Colloquium Series

Colloquium: Rick Grush (UC San Diego)

Date
Fri April 28th 2023, 3:30 - 5:30pm
Location
Bldg 90-92Q and via Zoom
Title: Someone discovered the use as subject of "I", but was it Wittgenstein?
 
Abstract: In the Blue Book Wittgenstein distinguished the use as subject of "I" (e.g. "I have a toothache") from its use as object (e.g. "I have a bump on my forehead"). And he suggests that the possibility of an error of identification is diagnostic. (Briefly, "Someone has a toothache, but is it me who has a toothache?" makes no sense, but "Someone has a bump on her forehead, but is it me who has a bump on her forehead?" makes perfect sense.) This phenomenon has of course been explored and developed by Shoemaker, Anscombe, and Evans. And it has also found a life of controversy in Kant scholarship.

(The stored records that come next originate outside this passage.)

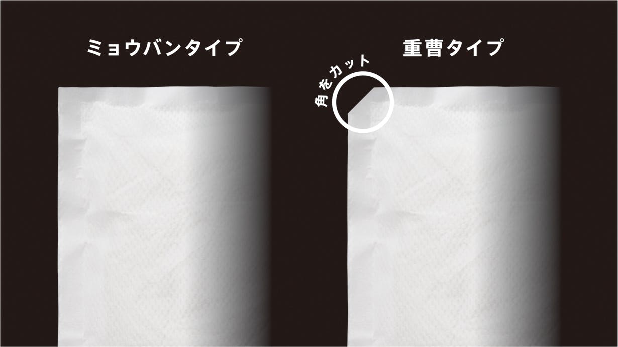 インナーは「ミョウバンタイプ」「重曹タイプ」の2種類です。簡単に見分けられるよう、重曹タイプのみ角をカットしています。
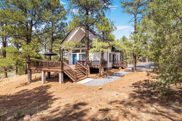Your mountain retreat awaits at this 3-bedroom cabin in Show Low. Nestled among the pines, guests can unwind in the cool, tranquil surroundings. With a king bed, 4 queen beds, and a full bed, there's plenty of space for everyone to relax. Enjoy the pleasant ambiance of the multiple bathrooms. A great place to call homebase while you're away, we hope you enjoy your stay.
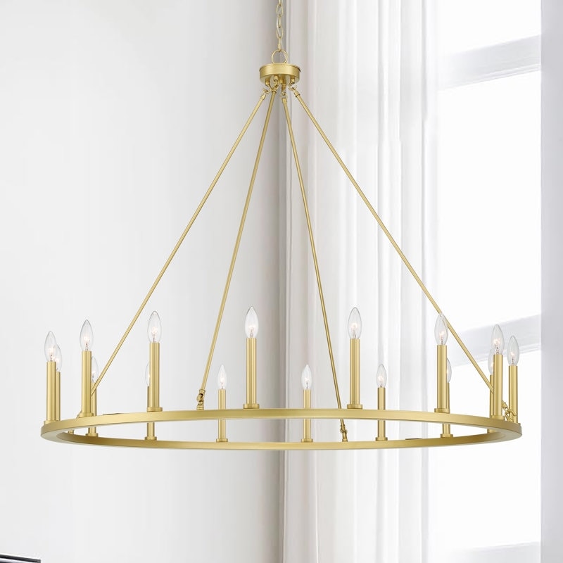 40" Brushed Gold 16-Light Wagon Wheel Candle Style Chandelier
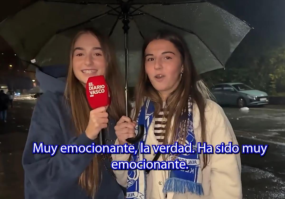 Los aficionados de la Real Sociedad valoran la victoria 'in extremis' en el derbi ante el Athletic disputado en Anoeta (3-2).
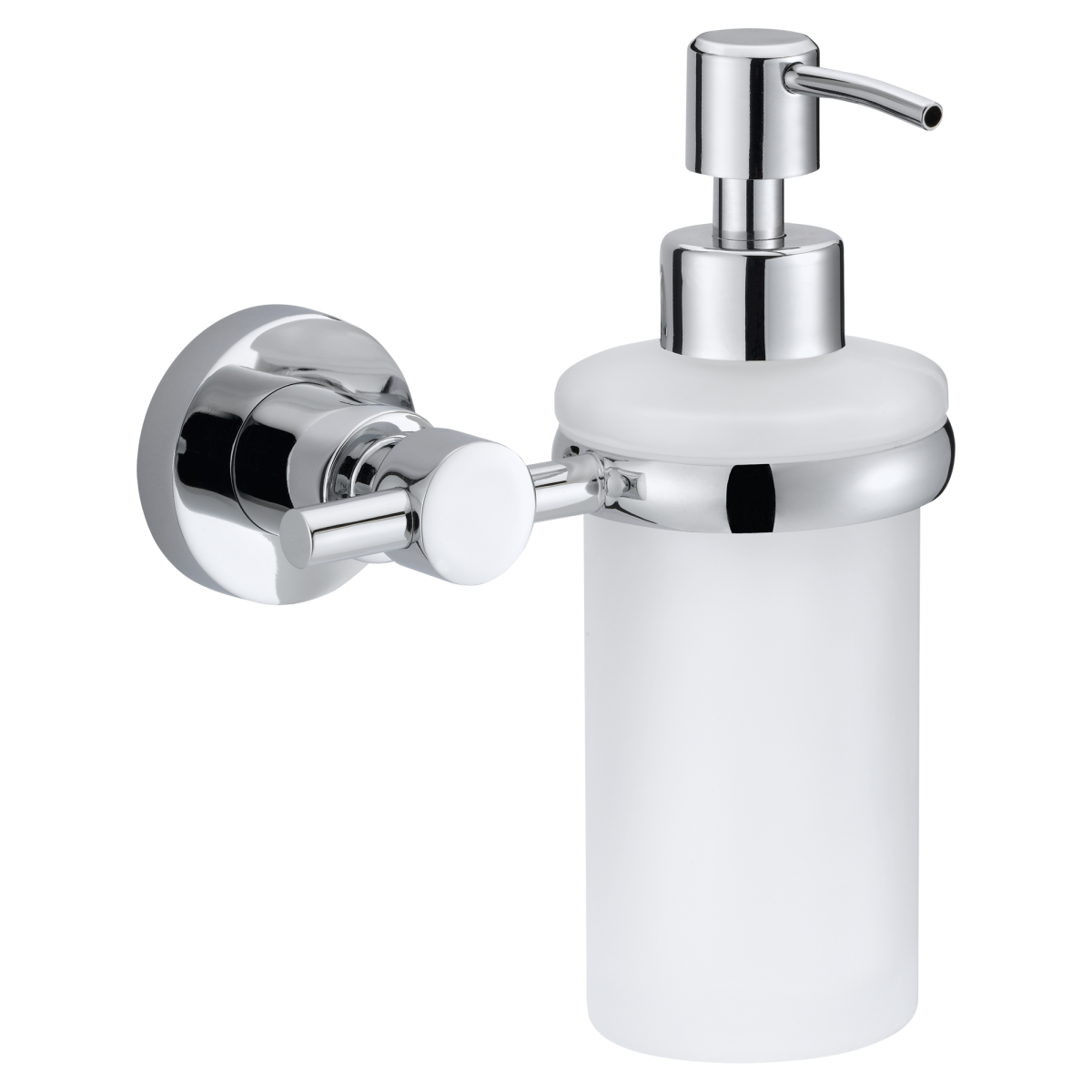 El dispensador de jabón autoadhesivo tesa® Loxx en cromo de alto brillo.
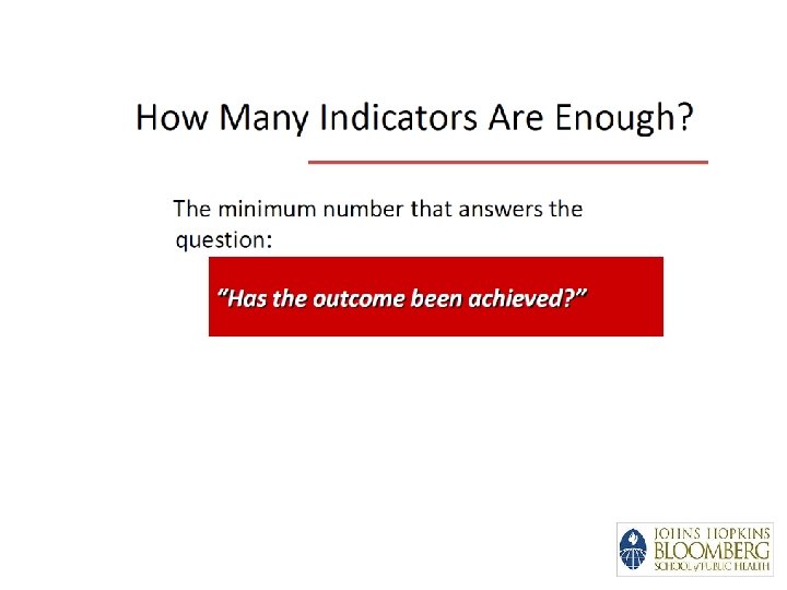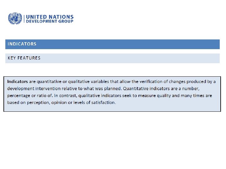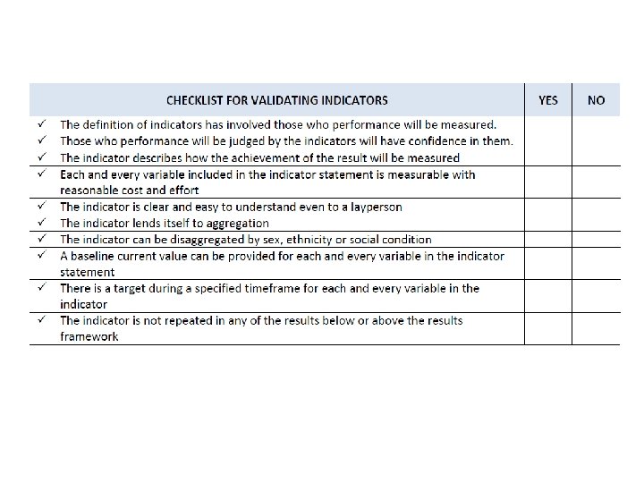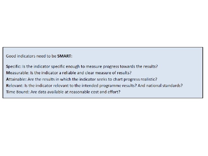 Indicators § Indicators describe how the intended results will be measured - accountability § Objectively verifiable, repeatable measures of a particular condition § They force clarification of what is meant by the result ……. the fine print! § Must be accompanied by baselines and targets

But despite the impact Wittgenstein's brief remarks have had, there there has been essentially no exploration of what prompted Wittgenstein here; no exploration of specifically what, if anything, was he responding to. I will show that there was a very specific line of exploration of the nature of self-awareness that began with Russell, and extended through McTaggart and Broad, and that Wittgenstein had this line of exploration in mind. The point is not of merely historical interest, but it allows us to direct new light on some recent controversies. I will touch briefly on only one, the question whether the 'use as subject' and Kant's 'I think' are or are not getting at the same phenomenon, and I will suggest that a fuller understanding of the background and point of the 'use as subject' shows it to be more closely connected to the relevant Kantian phenomena than some recent commentators have suggested.